En la Segunda Guerra Mundial, aunque el conflicto estuvo marcado por ideologías totalitarias como el nazismo, el fanatismo —con rasgos casi religiosos— se hizo evidente. El régimen de Adolf Hitler construyó una narrativa de superioridad racial que, aunque no era religiosa en sentido estricto, operaba con la misma lógica de exclusión absoluta y justificación moral de la violencia. Al mismo tiempo, en otros frentes, discursos religiosos fueron utilizados para fortalecer la resistencia o justificar alianzas, demostrando cómo la fe puede ser instrumentalizada en contextos bélicos.
En el escenario contemporáneo, la tensión entre Estados Unidos e Irán revela una dimensión distinta pero igualmente preocupante del fanatismo religioso. Desde la Revolución Islámica de 1979, Irán se ha configurado como una república teocrática donde la religión no solo guía la vida espiritual, sino también la política exterior. Por su parte, en Estados Unidos, ciertos sectores políticos han incorporado discursos religiosos —particularmente desde corrientes evangélicas— que presentan el conflicto con Irán como una lucha entre civilizaciones o incluso como parte de un destino manifiesto.
Esta combinación de ideología religiosa y poder militar ha contribuido a radicalizar posturas y dificultar salidas diplomáticas. Las tensiones, que incluyen sanciones económicas, amenazas militares y episodios como el asesinato del general iraní Qasem Soleimani, muestran cómo las narrativas de confrontación absoluta pueden escalar rápidamente. En este contexto, el fanatismo no necesariamente implica la práctica devota de una religión, sino su uso como herramienta de legitimación política y movilización emocional.
El riesgo de este fenómeno radica en su capacidad para deshumanizar al adversario. Cuando un conflicto se percibe como una batalla entre el bien y el mal, cualquier posibilidad de diálogo se debilita.
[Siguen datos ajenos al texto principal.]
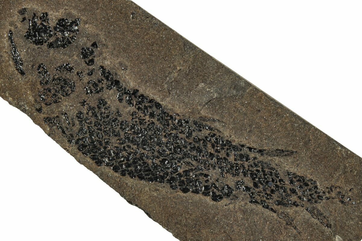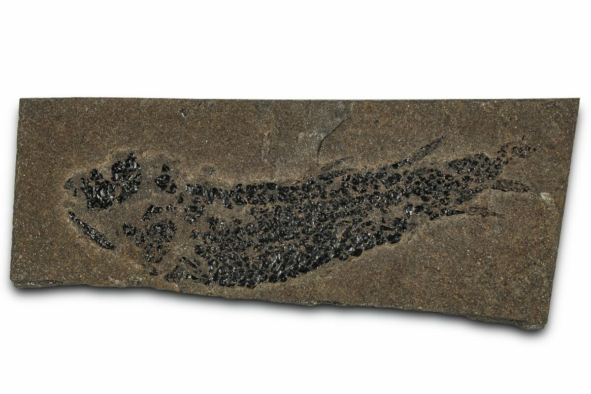 This is a 3.3" long specimen of the Devonian "Lobed-Fin" fish, Osteolepis panderi. It was collected from the Middle Devonian-aged Old Red Sandstone in Caithness, Scotland. It comes with an acrylic display stand.

La historia de las guerras mundiales demuestra que, aunque las causas sean múltiples, la introducción de elementos de fanatismo —religioso o ideológico— tiende a prolongar los conflictos y aumentar su violencia.
Hoy, en un mundo interconectado y con armas de destrucción masiva, el impacto de estas narrativas es aún más grave. La lección histórica parece clara: cuando la religión deja de ser un espacio de reflexión espiritual y se convierte en un instrumento de confrontación, sus consecuencias pueden ser devastadoras.